This repository is configured for Hugging Face Spaces (Docker SDK):
- README front matter defines Space metadata.
- `.github/workflows/main.yml` syncs `main` branch to HF Space.
- `.github/workflows/space-keepalive.yml` pings the deployed Space every 12 hours.

## Operational Notes

- Data artifacts are currently committed to the repository (`data/*.pkl`, `.faiss`).
- CORS in `app.py` is permissive (`allow_origins=["*"]`) and suitable for dev/demo, not strict production hardening.
- `frontend/index.html` references `assets/images/hero-background.jpg`, but this file is not present in `frontend/assets/images/`.
- `api/embed_transcripts.py` currently treats `transcript_index` as a directory path (`mkdir`) though it is configured as a file path; this affects index regeneration workflows.

## Troubleshooting

- `Error: AI client not configured.`
  - Ensure `GROQ_API_KEY` is set in the shell/container before startup.

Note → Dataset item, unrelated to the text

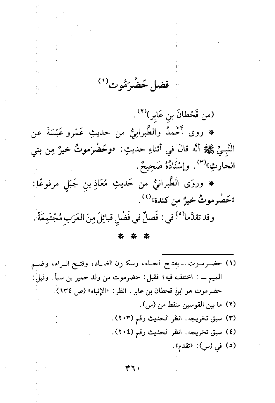 روى أحمد والطبراني من حديث عمرو عبسة عن النبي صلى الله عليه وسلم أنه قال في أثناء حديثٍ: ((وحضرموت خيرٌ من بني الحارث)). وإسناده صحيحٌ.

- `No relevant transcripts found` (`404` from `/ask`)
  - Check that `data/transcript_index.faiss`, `data/file_paths.pkl`, and `data/transcripts.pkl` exist and are compatible.

- API starts but UI looks incomplete
  - Verify static assets under `frontend/assets/images/`.

- Subtitle download stage fails
  - Install `yt-dlp` and verify network access and YouTube rate limits.